### DATA FOR ANALYSIS ###

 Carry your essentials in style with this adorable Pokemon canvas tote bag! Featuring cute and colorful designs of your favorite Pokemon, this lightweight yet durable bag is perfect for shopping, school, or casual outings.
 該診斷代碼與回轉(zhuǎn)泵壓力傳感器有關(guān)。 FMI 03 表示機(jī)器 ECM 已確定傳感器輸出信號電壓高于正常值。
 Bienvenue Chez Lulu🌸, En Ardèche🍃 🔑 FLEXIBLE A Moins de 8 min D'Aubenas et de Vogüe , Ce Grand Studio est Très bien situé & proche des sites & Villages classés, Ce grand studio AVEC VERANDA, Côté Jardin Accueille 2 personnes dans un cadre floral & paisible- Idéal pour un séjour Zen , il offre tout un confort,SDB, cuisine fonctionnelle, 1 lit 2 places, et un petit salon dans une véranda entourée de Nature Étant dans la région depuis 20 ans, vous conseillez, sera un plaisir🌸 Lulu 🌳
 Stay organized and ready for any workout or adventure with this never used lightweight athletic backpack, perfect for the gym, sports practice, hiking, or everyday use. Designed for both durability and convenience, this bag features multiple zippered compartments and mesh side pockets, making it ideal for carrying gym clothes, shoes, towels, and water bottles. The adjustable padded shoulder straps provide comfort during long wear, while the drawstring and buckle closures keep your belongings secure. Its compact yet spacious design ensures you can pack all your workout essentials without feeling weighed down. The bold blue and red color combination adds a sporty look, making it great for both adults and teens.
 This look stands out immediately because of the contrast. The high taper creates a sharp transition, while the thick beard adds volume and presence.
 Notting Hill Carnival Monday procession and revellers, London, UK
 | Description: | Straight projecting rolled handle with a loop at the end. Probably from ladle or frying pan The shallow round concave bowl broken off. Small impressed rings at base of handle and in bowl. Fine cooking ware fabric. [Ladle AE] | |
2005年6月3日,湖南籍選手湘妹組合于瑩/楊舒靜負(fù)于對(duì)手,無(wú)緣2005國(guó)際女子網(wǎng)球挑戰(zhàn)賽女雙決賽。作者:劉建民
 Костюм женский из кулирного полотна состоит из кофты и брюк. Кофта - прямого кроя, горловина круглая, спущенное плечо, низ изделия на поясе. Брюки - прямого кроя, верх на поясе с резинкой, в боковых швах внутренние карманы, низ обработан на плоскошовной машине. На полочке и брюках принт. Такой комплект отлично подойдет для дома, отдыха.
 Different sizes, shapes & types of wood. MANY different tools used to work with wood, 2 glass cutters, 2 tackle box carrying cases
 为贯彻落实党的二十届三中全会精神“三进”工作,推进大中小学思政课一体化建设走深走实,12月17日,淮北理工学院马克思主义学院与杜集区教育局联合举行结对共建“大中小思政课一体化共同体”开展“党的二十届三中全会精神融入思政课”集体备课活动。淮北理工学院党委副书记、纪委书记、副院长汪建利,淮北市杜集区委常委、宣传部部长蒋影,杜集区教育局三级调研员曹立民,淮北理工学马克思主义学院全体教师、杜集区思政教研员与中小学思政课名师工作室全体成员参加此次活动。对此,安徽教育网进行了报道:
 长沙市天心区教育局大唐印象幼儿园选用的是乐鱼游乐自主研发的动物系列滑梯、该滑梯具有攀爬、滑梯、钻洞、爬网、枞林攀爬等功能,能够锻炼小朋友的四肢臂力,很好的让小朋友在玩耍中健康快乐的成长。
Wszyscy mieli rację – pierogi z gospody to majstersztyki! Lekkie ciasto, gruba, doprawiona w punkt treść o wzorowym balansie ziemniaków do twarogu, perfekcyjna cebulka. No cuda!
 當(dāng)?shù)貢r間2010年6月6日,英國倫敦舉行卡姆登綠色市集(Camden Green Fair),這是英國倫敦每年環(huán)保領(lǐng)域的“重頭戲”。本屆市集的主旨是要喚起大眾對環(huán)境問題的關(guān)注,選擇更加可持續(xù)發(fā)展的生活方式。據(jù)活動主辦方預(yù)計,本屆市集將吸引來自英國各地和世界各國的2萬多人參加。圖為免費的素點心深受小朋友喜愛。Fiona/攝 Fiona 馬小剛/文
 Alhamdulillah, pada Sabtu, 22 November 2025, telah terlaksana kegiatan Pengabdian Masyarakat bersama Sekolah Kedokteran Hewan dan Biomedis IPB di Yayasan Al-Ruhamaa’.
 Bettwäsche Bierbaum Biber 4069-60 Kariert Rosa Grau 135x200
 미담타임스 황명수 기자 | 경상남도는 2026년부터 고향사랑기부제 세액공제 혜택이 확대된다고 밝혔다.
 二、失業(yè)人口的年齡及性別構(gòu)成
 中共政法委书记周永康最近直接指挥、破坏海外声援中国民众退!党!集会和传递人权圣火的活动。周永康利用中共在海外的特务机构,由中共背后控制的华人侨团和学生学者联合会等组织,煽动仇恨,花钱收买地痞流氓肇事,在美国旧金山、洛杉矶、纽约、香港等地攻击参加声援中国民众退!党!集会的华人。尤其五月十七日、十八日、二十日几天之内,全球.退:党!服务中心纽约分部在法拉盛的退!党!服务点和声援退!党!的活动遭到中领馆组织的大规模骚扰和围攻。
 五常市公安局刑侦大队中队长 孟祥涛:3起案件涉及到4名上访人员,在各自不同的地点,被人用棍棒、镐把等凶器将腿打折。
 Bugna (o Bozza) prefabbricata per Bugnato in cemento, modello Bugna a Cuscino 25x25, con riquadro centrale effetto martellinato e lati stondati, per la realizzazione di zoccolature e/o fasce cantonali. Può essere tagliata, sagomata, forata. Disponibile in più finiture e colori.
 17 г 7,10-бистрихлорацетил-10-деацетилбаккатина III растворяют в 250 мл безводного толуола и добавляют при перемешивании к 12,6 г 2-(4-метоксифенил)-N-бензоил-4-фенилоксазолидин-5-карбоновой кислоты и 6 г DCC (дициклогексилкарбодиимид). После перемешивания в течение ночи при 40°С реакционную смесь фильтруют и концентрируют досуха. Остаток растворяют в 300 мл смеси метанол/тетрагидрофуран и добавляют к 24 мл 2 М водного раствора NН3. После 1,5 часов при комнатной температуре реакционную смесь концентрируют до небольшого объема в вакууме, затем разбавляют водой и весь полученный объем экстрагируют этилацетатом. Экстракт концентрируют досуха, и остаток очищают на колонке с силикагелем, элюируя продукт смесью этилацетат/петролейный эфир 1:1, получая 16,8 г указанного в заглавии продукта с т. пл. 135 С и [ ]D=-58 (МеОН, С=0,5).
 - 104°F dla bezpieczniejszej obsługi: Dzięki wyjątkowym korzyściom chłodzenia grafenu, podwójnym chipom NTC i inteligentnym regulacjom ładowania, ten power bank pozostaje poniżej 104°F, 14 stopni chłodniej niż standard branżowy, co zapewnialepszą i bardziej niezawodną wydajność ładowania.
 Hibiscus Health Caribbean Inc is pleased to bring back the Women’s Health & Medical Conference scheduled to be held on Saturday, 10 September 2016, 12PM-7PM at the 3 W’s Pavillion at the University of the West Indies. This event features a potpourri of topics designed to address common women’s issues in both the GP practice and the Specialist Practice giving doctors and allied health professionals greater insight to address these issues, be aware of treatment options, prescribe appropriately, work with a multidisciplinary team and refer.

###

EXERCISE.
The output should consist only of the lines from the one with "二、失業(yè)人口的年齡及性別構(gòu)成" through the final line of the records above, exactly.

EXERCISE OUTPUT.
 二、失業(yè)人口的年齡及性別構(gòu)成
 中共政法委书记周永康最近直接指挥、破坏海外声援中国民众退!党!集会和传递人权圣火的活动。周永康利用中共在海外的特务机构,由中共背后控制的华人侨团和学生学者联合会等组织,煽动仇恨,花钱收买地痞流氓肇事,在美国旧金山、洛杉矶、纽约、香港等地攻击参加声援中国民众退!党!集会的华人。尤其五月十七日、十八日、二十日几天之内,全球.退:党!服务中心纽约分部在法拉盛的退!党!服务点和声援退!党!的活动遭到中领馆组织的大规模骚扰和围攻。
 五常市公安局刑侦大队中队长 孟祥涛:3起案件涉及到4名上访人员,在各自不同的地点,被人用棍棒、镐把等凶器将腿打折。
 Bugna (o Bozza) prefabbricata per Bugnato in cemento, modello Bugna a Cuscino 25x25, con riquadro centrale effetto martellinato e lati stondati, per la realizzazione di zoccolature e/o fasce cantonali. Può essere tagliata, sagomata, forata. Disponibile in più finiture e colori.
 17 г 7,10-бистрихлорацетил-10-деацетилбаккатина III растворяют в 250 мл безводного толуола и добавляют при перемешивании к 12,6 г 2-(4-метоксифенил)-N-бензоил-4-фенилоксазолидин-5-карбоновой кислоты и 6 г DCC (дициклогексилкарбодиимид). После перемешивания в течение ночи при 40°С реакционную смесь фильтруют и концентрируют досуха. Остаток растворяют в 300 мл смеси метанол/тетрагидрофуран и добавляют к 24 мл 2 М водного раствора NН3. После 1,5 часов при комнатной температуре реакционную смесь концентрируют до небольшого объема в вакууме, затем разбавляют водой и весь полученный объем экстрагируют этилацетатом. Экстракт концентрируют досуха, и остаток очищают на колонке с силикагелем, элюируя продукт смесью этилацетат/петролейный эфир 1:1, получая 16,8 г указанного в заглавии продукта с т. пл. 135 С и [ ]D=-58 (МеОН, С=0,5).
 - 104°F dla bezpieczniejszej obsługi: Dzięki wyjątkowym korzyściom chłodzenia grafenu, podwójnym chipom NTC i inteligentnym regulacjom ładowania, ten power bank pozostaje poniżej 104°F, 14 stopni chłodniej niż standard branżowy, co zapewnialepszą i bardziej niezawodną wydajność ładowania.
 Hibiscus Health Caribbean Inc is pleased to bring back the Women’s Health & Medical Conference scheduled to be held on Saturday, 10 September 2016, 12PM-7PM at the 3 W’s Pavillion at the University of the West Indies. This event features a potpourri of topics designed to address common women’s issues in both the GP practice and the Specialist Practice giving doctors and allied health professionals greater insight to address these issues, be aware of treatment options, prescribe appropriately, work with a multidisciplinary team and refer.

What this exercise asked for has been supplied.